Filter the lines below, keeping each one that holds "will".

----------------------------------------

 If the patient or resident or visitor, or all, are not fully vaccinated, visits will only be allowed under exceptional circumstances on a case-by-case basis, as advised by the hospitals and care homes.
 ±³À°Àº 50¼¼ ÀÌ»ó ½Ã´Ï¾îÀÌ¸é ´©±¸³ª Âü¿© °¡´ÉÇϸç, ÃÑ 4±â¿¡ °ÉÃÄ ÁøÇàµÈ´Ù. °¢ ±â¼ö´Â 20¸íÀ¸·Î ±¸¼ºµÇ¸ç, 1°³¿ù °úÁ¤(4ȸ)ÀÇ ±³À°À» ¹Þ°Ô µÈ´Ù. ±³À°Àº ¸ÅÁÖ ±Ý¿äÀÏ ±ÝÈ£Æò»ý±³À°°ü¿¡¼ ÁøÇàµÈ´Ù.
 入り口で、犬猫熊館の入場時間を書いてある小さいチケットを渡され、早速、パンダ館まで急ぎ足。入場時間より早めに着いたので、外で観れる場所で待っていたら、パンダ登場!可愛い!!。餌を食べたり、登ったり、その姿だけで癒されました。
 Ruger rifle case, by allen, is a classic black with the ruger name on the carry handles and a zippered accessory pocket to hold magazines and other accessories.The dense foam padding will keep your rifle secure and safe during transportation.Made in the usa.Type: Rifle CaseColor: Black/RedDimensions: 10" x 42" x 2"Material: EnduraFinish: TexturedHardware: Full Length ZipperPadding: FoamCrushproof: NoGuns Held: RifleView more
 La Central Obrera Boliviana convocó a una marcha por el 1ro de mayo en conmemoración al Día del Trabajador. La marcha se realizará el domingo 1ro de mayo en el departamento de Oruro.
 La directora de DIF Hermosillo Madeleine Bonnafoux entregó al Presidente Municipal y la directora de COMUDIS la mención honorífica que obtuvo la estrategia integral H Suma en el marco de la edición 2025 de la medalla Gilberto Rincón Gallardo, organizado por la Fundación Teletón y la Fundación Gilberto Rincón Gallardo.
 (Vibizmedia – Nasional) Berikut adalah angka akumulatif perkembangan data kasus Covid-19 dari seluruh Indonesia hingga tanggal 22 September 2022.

----------------------------------------

#### [EXERCISE RESPONSE]
 If the patient or resident or visitor, or all, are not fully vaccinated, visits will only be allowed under exceptional circumstances on a case-by-case basis, as advised by the hospitals and care homes.
 Ruger rifle case, by allen, is a classic black with the ruger name on the carry handles and a zippered accessory pocket to hold magazines and other accessories.The dense foam padding will keep your rifle secure and safe during transportation.Made in the usa.Type: Rifle CaseColor: Black/RedDimensions: 10" x 42" x 2"Material: EnduraFinish: TexturedHardware: Full Length ZipperPadding: FoamCrushproof: NoGuns Held: RifleView more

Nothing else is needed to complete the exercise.